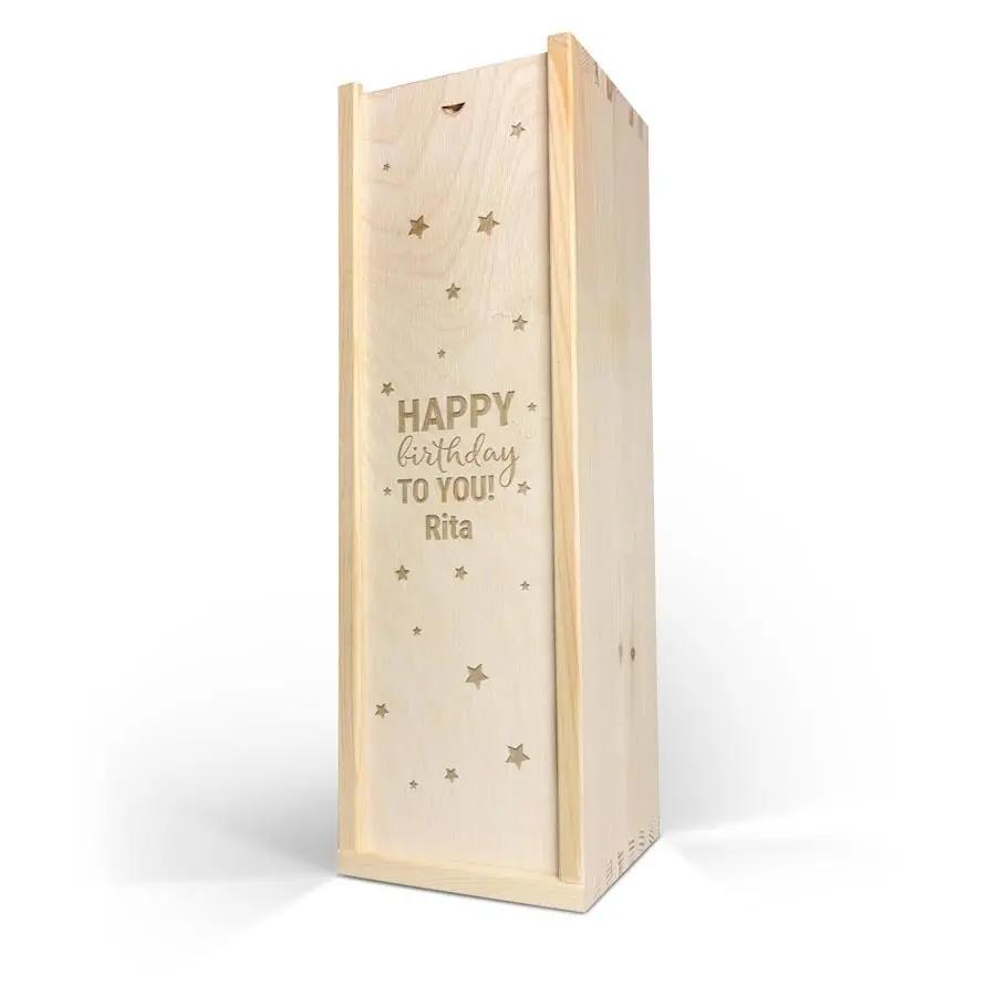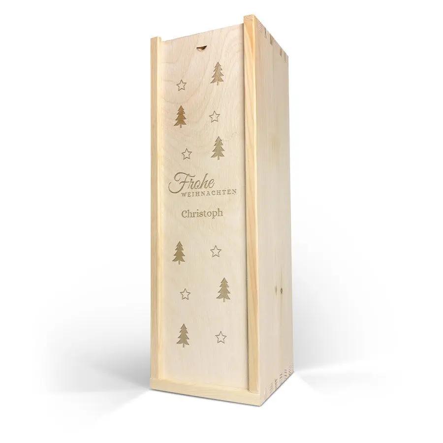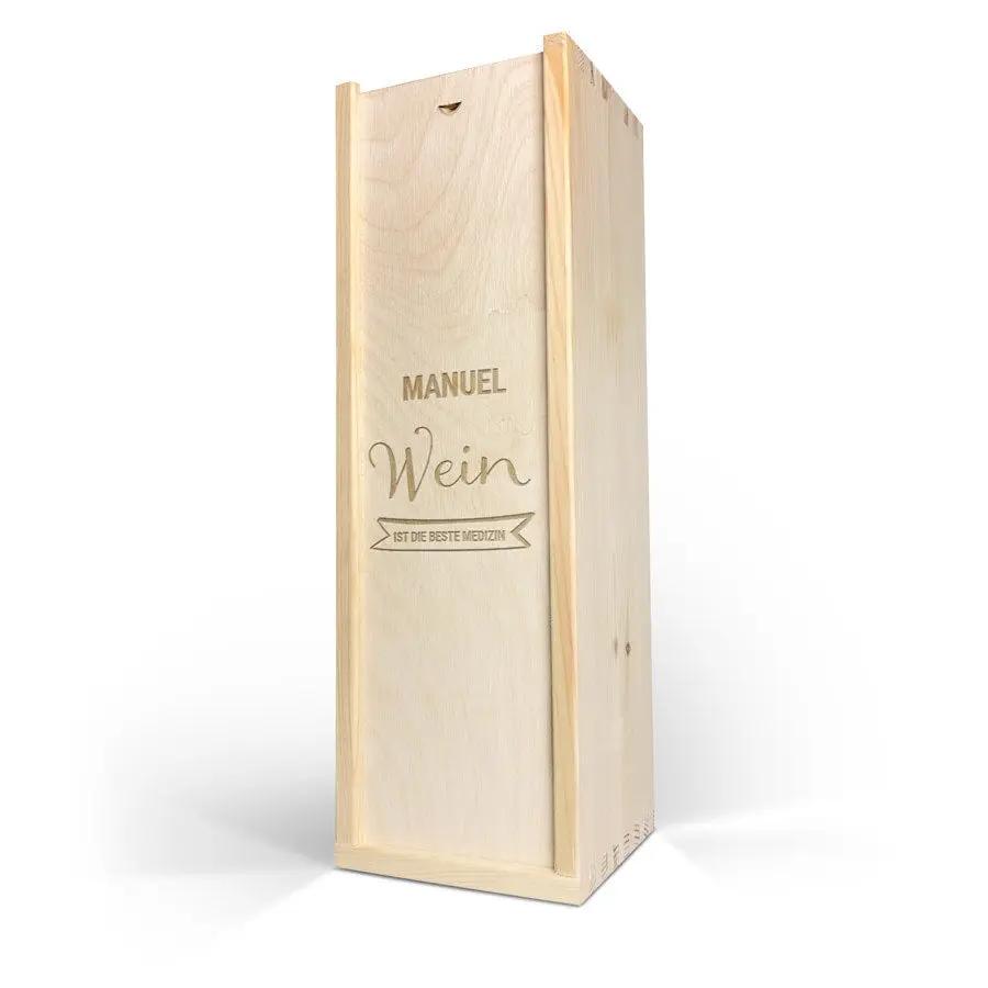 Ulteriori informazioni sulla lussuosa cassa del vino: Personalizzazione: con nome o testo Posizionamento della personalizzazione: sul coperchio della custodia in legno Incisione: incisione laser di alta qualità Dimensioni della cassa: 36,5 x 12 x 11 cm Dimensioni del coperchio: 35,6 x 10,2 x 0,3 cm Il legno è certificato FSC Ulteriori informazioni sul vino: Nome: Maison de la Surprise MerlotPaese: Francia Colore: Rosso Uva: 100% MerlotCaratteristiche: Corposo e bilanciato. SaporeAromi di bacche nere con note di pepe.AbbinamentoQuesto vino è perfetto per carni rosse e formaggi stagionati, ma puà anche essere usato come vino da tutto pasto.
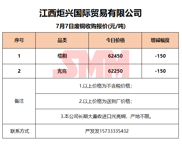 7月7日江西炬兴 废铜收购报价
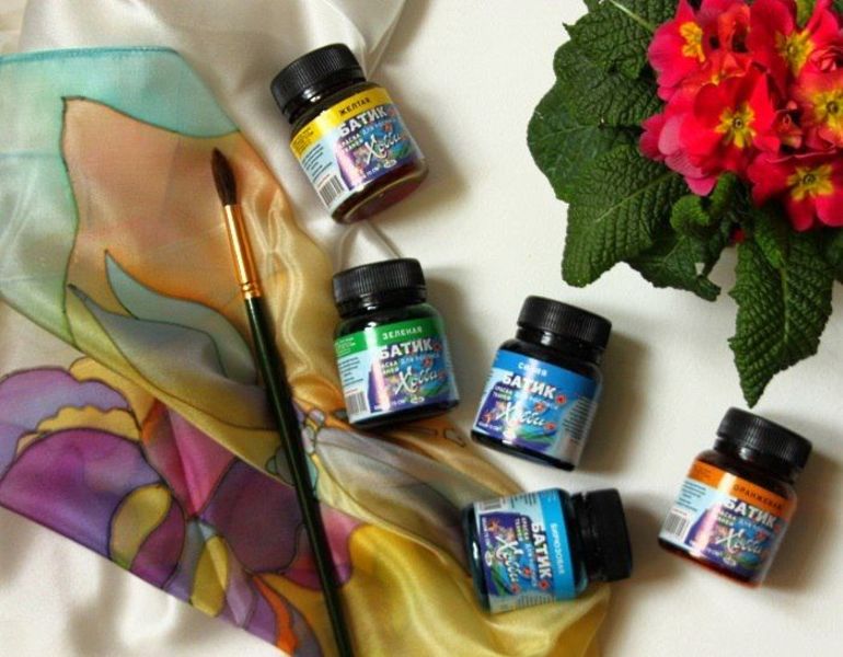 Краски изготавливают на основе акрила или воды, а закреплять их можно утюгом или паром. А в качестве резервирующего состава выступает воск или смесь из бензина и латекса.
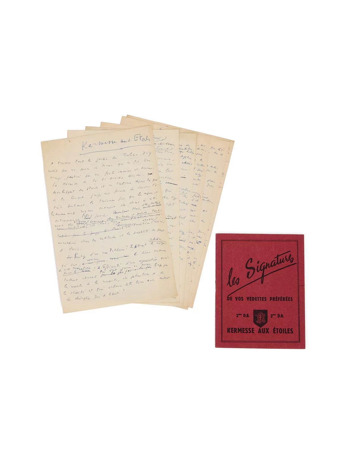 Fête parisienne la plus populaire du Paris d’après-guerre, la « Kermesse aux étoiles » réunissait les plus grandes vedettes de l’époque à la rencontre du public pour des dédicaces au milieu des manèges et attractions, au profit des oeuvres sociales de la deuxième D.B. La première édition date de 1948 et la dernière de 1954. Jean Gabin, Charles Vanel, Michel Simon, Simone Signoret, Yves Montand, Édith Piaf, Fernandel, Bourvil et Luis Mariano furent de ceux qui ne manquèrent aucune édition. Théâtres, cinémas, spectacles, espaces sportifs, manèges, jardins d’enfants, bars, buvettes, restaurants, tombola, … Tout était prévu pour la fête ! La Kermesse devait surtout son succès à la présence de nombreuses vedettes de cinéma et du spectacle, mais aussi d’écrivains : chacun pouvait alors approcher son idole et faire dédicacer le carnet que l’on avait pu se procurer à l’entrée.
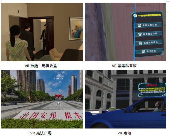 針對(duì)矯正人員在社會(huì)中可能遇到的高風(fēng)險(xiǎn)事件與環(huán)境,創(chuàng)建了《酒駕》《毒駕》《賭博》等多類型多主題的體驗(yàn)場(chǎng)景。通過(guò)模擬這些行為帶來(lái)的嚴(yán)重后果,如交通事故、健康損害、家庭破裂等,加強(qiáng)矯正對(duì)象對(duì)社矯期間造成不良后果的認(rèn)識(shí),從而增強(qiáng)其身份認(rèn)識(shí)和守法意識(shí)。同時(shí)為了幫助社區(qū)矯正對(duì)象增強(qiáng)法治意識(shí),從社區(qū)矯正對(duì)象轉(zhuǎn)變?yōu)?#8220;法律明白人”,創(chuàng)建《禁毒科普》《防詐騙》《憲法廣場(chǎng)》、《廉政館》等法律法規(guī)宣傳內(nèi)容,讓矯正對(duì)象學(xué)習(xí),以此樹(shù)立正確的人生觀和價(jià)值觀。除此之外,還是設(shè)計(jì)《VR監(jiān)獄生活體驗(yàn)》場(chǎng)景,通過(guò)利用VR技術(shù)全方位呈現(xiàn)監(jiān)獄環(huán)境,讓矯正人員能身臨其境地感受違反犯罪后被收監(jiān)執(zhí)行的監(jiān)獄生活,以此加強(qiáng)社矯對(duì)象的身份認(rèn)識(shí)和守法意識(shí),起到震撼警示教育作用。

Work item: Without the pictures, repeat every record above exactly as written.

The completed task:
 Ulteriori informazioni sulla lussuosa cassa del vino: Personalizzazione: con nome o testo Posizionamento della personalizzazione: sul coperchio della custodia in legno Incisione: incisione laser di alta qualità Dimensioni della cassa: 36,5 x 12 x 11 cm Dimensioni del coperchio: 35,6 x 10,2 x 0,3 cm Il legno è certificato FSC Ulteriori informazioni sul vino: Nome: Maison de la Surprise MerlotPaese: Francia Colore: Rosso Uva: 100% MerlotCaratteristiche: Corposo e bilanciato. SaporeAromi di bacche nere con note di pepe.AbbinamentoQuesto vino è perfetto per carni rosse e formaggi stagionati, ma puà anche essere usato come vino da tutto pasto.
 7月7日江西炬兴 废铜收购报价
 Краски изготавливают на основе акрила или воды, а закреплять их можно утюгом или паром. А в качестве резервирующего состава выступает воск или смесь из бензина и латекса.
 Fête parisienne la plus populaire du Paris d’après-guerre, la « Kermesse aux étoiles » réunissait les plus grandes vedettes de l’époque à la rencontre du public pour des dédicaces au milieu des manèges et attractions, au profit des oeuvres sociales de la deuxième D.B. La première édition date de 1948 et la dernière de 1954. Jean Gabin, Charles Vanel, Michel Simon, Simone Signoret, Yves Montand, Édith Piaf, Fernandel, Bourvil et Luis Mariano furent de ceux qui ne manquèrent aucune édition. Théâtres, cinémas, spectacles, espaces sportifs, manèges, jardins d’enfants, bars, buvettes, restaurants, tombola, … Tout était prévu pour la fête ! La Kermesse devait surtout son succès à la présence de nombreuses vedettes de cinéma et du spectacle, mais aussi d’écrivains : chacun pouvait alors approcher son idole et faire dédicacer le carnet que l’on avait pu se procurer à l’entrée.
 針對(duì)矯正人員在社會(huì)中可能遇到的高風(fēng)險(xiǎn)事件與環(huán)境,創(chuàng)建了《酒駕》《毒駕》《賭博》等多類型多主題的體驗(yàn)場(chǎng)景。通過(guò)模擬這些行為帶來(lái)的嚴(yán)重后果,如交通事故、健康損害、家庭破裂等,加強(qiáng)矯正對(duì)象對(duì)社矯期間造成不良后果的認(rèn)識(shí),從而增強(qiáng)其身份認(rèn)識(shí)和守法意識(shí)。同時(shí)為了幫助社區(qū)矯正對(duì)象增強(qiáng)法治意識(shí),從社區(qū)矯正對(duì)象轉(zhuǎn)變?yōu)?#8220;法律明白人”,創(chuàng)建《禁毒科普》《防詐騙》《憲法廣場(chǎng)》、《廉政館》等法律法規(guī)宣傳內(nèi)容,讓矯正對(duì)象學(xué)習(xí),以此樹(shù)立正確的人生觀和價(jià)值觀。除此之外,還是設(shè)計(jì)《VR監(jiān)獄生活體驗(yàn)》場(chǎng)景,通過(guò)利用VR技術(shù)全方位呈現(xiàn)監(jiān)獄環(huán)境,讓矯正人員能身臨其境地感受違反犯罪后被收監(jiān)執(zhí)行的監(jiān)獄生活,以此加強(qiáng)社矯對(duì)象的身份認(rèn)識(shí)和守法意識(shí),起到震撼警示教育作用。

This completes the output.